Dr. Wallace sighed, put her needle and thread down and leaned on the edge of the table. "Yes," she said. "I knew."

In the silence that followed, Annie felt a growing tightness in her chest. "But that means"

"I know what it means," said Dr. Wallace. "I'm not stupid."

Annie noticed that before she spoke Dr. Wallace had exchanged her needle for a scalpel and was moving away from the body on the table.

"Good to see you again, Alan," said DI Ken Blackstone, meeting Banks at the front desk of Millgarth and escorting him through security. "To what do I owe the pleasure?"

"It looks as if we've got Hayley Daniels's killer." Banks explained about Jamie Murdoch's confession and the hidden way out of the Fountain.

"Just one more to go, then," said Blackstone. "I was sorry to hear about Kev Templeton."

"We all were," said Banks.

"Anyway, what can I do for you?"

"Did you get the Chameleon files out for Annie Cabbot?"

"How are you two doing, by the way?"

"Better, I think. At least we're working together again. I'm still not sure what's going on with her, though."

"You're not...?"

"No. That's been over for a long time."

"Anyone else?"

"Maybe. Ken, about those files?"

Blackstone laughed. "Yes, of course. Getting quite nosy in my old age, aren't I? Sorry. The files are in my office. Most of them, anyway. There isn't room for everything. Not if I want to sit in there, too. Why?"

"Mind if I have a look?"

"Not at all. It was your case. Partly, at any rate. Anything I can do?"

"A cup of coffee would go down a treat, Ken. Black no sugar. And maybe a KitKat. I like the dark-chocolate ones."

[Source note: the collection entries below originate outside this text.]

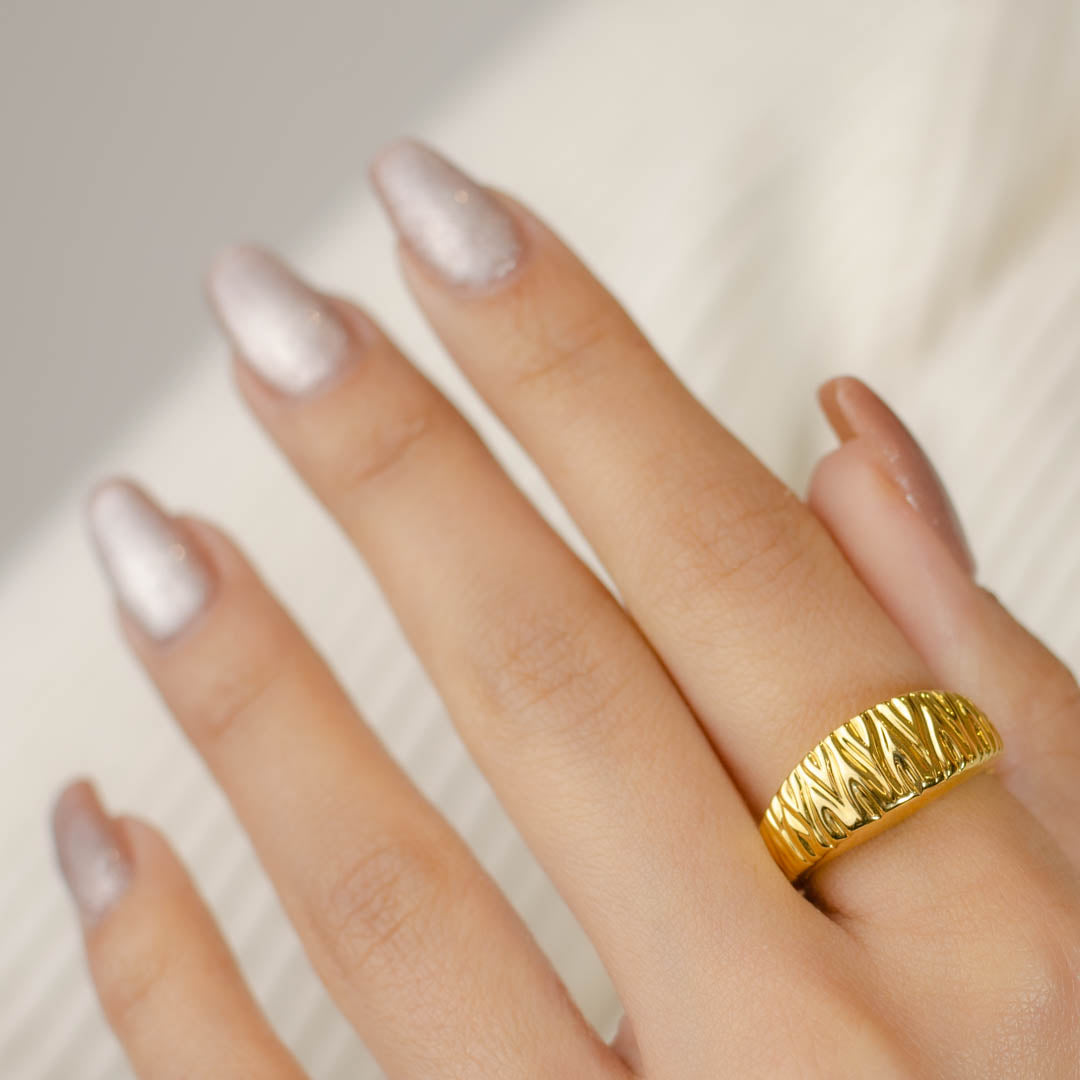 Add a touch of adventure to your style with the Little Textured Gold Ring. This bold piece features a textured design that symbolizes taking risks and stepping outside of your comfort zone. Wear it as a reminder to embrace challenges and conquer them with confidence.
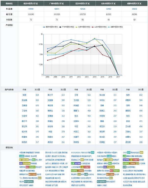 平台提供“作者”、“机构”、“基金”、“期刊”、“主题”等同类对象之间的产出对比报告。您可以按需勾选比较对象,点击“对象比较”按钮来查看相应信息。最大支持5个对象的比较。
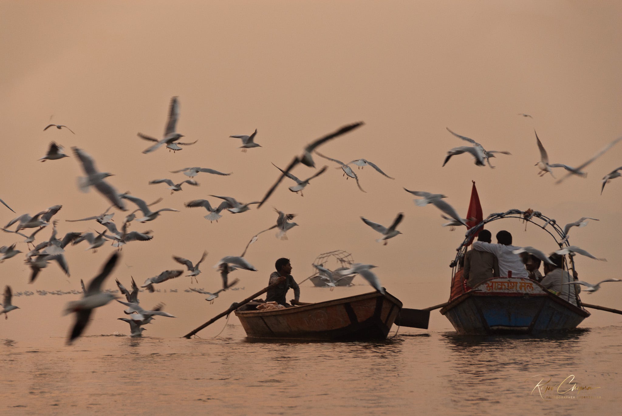All this religious stuff did not matter when we boarded the boat. Pilgrims and the local devout bathed in the water, each lost in their personal meditation. It was dark when we boarded the boat and sailed on the river’s waters. Pigeons flapped, waiting for the sun to appear over the horizon, and they continued flying around people who bathed, or sailed the waters, or just allowed the beauty of sunrise to engulf them.

"Your diet's terrible. Anyone ever told you? I'll send down. Want me out of the way?"

"Not at all."

They went into Blackstone's office, and Banks saw immediately that he hadn't been exaggerating. They could hardly move for boxes.

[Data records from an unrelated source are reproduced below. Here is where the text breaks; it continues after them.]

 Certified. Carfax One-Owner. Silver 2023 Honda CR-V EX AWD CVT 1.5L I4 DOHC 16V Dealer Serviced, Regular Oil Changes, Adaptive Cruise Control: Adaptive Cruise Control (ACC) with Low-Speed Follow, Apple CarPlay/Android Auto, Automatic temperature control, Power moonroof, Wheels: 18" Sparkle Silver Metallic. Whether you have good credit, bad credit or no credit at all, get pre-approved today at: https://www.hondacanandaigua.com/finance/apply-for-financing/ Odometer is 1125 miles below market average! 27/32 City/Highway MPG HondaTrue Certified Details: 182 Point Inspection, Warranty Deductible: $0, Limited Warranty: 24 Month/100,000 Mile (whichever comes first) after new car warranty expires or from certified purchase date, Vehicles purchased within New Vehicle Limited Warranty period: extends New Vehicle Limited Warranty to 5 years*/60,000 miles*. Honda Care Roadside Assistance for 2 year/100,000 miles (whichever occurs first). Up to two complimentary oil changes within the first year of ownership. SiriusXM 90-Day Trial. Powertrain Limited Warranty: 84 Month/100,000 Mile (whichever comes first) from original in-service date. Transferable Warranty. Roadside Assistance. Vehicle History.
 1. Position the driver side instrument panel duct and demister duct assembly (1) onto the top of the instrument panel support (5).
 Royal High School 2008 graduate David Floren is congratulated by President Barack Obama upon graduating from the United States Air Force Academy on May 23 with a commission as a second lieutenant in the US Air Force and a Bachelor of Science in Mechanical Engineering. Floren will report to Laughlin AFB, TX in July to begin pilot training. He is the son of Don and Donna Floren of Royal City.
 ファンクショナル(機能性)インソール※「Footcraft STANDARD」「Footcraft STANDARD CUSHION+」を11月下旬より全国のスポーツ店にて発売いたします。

"Know where everything is?" Banks asked.

"Not exactly." Blackstone picked up his phone and called for two coffees and a dark-chocolate KitKat. "After anything in particular?"

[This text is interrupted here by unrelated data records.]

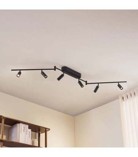 Die LED-Deckenlampe Eldrin kombiniert modernes Design mit hoher Funktionalität. Gefertigt aus robusten Materialien, fügt sich die schwarze Oberfläche harmonisch in zeitgemäße Wohnkonzepte ein. Die sechs individuell schwenkbaren Spots ermöglichen eine präzise Ausrichtung des Lichts, wodurch eine optimale Beleuchtung in Wohn- oder Flurbereichen geschaffen wird. Mit ihrem warmweißen Licht sorgt sie für eine angenehme und einladende Atmosphäre. Ausgestattet mit fest verbauten LEDs und einer hohen Farbwiedergabe von 90 Ra, liefert die Leuchte eine klare und natürliche Lichtqualität. Die energieeffiziente LED-Technologie reduziert den Stromverbrauch und bietet gleichzeitig eine langlebige Lichtquelle. Die Kombination aus Flexibilität, hochwertiger Verarbeitung und ansprechender Optik macht diese Deckenleuchte zu einer idealen Wahl für vielseitige Beleuchtungskonzepte. ...
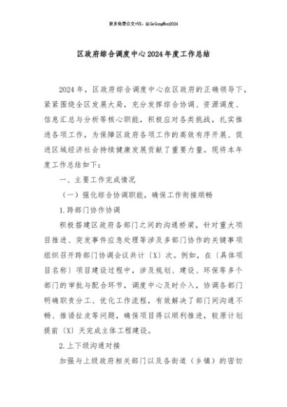 / 【七哥公文】2024年:区政府综合调度中心2024年度工作总结+更多免费公文+VX:QiGeGongWen2024
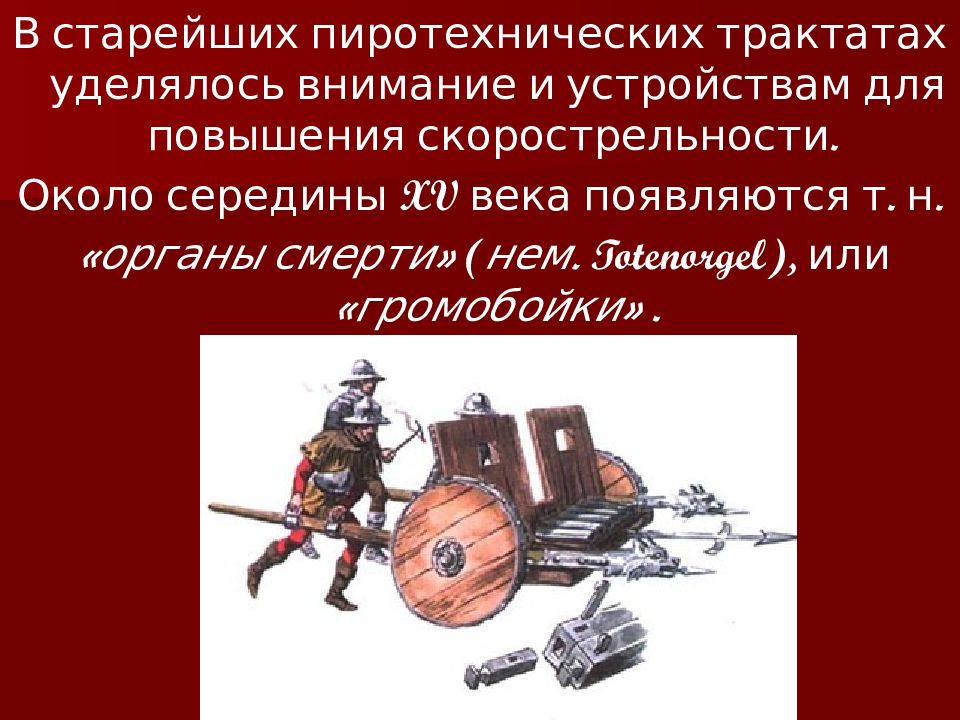 В старейших пиротехнических трактатах уделялось внимание и устройствам для повышения скорострельности. Около середины XV века появляются т. н. «органы смерти» ( нем. Totenorgel), или «громобойки».
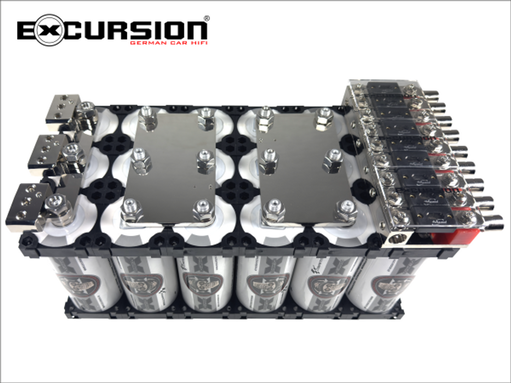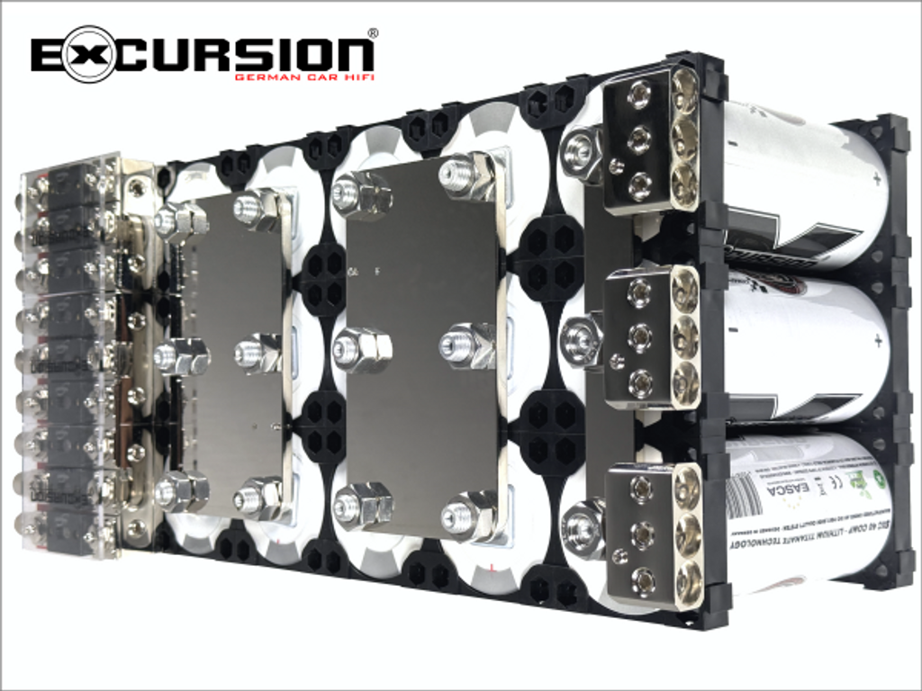 Dessa högkvalitativa, industriellt tillverkade och nu tillgängliga monteringssatser för enkla, dubbla, trippel- och fyrdubbel LTO-banker. En särskild innovation här är den direktmonterade och ytterligare utbyggbara trippel-ANL-säkringshållaren och en trippelfördelningsterminal med ett M12-hål för LTO-montering. Samma säkringshållare är fortfarande lämplig för de flesta bilstereobatterier på marknaden eller finns även tillgänglig individuellt som en standard inbyggnadsversion.
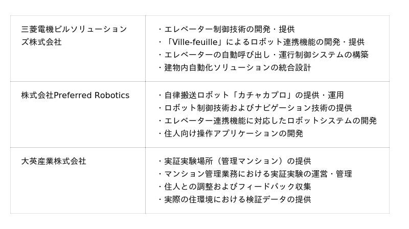 三菱電機ビルソリューションズ、Preferred Robotics、大英産業の3社が連携することで、エレベーターの制御技術、自律搬送ロボットの開発・製造、マンション管理のノウハウといった各社が保有する豊富な知見を実用性の高いソリューション開発に活かし、高齢化社会、物流問題や人手不足などさまざまな社会課題の解決に貢献するサービスの確立を目指します。
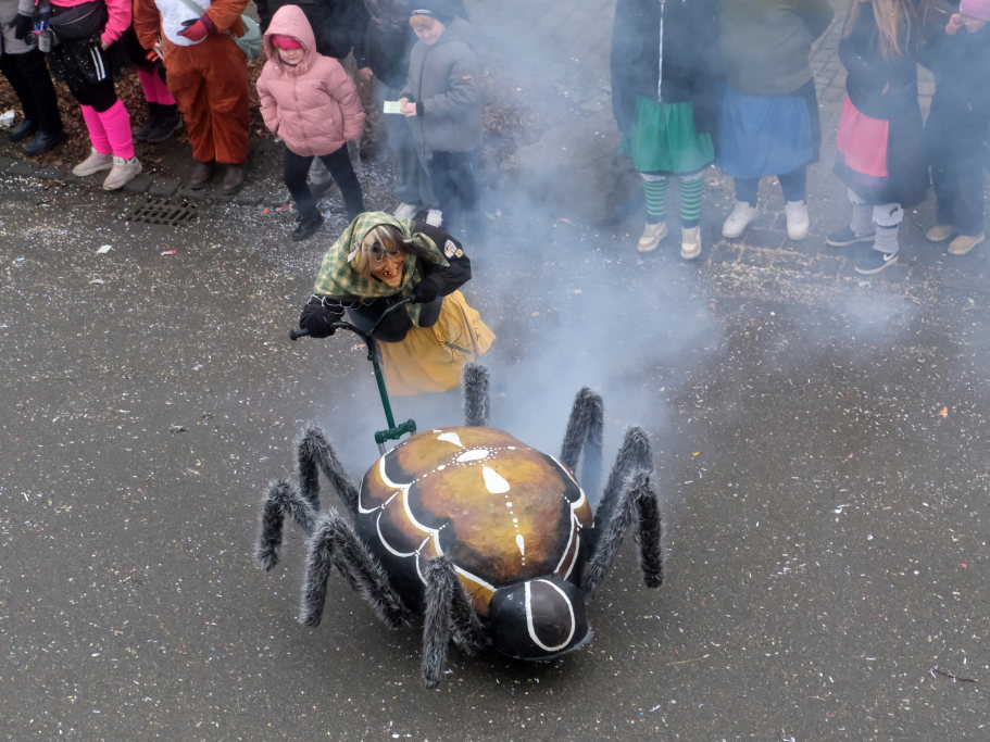 Nach dem Motto „Nach mir die Sintflut“ (bzw. der Waldbrand) ließen es die Waldhexen aus Osterhofen richtig qualmen. Ähnliches boten auch die Otterswanger Grottafanger mit ihrem qualmenden Spinnenmobil.

"I got to thinking about the Kirsten Farrow case," said Banks. "Anyway, I seemed to remember that the wounds were rather similar in both cases, and I wondered if that was what had set her off again after eighteen years. That and finding out where Lucy Payne was hiding out. It might have acted as a trigger."

"But what about the other woman you mentioned? Maggie Forrest?"

"She's not out of the picture yet. There could even be some connection between her and Kirsten Farrow. There are a number of odd links in this case, strange tangents, and I won't rest until I get them sorted."

"So you'll be wanting the pathologist's reports?"

"That's right. Dr. Mackenzie, I believe it was."

The coffee and KitKat arrived while they were digging through the boxes. Blackstone thanked the constable who brought them and got back to helping Banks. At last they unearthed the pathology reports, and Banks started reading through them while Blackstone left the office for a while.

It was as he had thought. Many of the bodies were badly decomposed, as they had been buried in the dirt of the cellar or the back garden. But Dr. Mackenzie had been able to identify slash marks to the areas of the victims' breasts and genitalia in all cases, probably made with the same machete Terence Payne used to attack and kill Janet Taylor's partner. They were similar to the wounds Kirsten Farrow had suffered, though the weapon was different, and they were wounds, unfortunately, not uncommon to vicious sexual assaults. They showed a deep hatred of the women men felt had betrayed, humiliated and rejected them all their lives, or so the profilers said. Of course, not all men who had been betrayed, humiliated or rejected by women became rapists and murderers, or the female population would be a lot smaller and the jails would be even more full of men than they already were, Banks thought.

Twenty minutes or more must have passed as Banks read the grisly details, most of which he remembered first-hand, then Blackstone returned.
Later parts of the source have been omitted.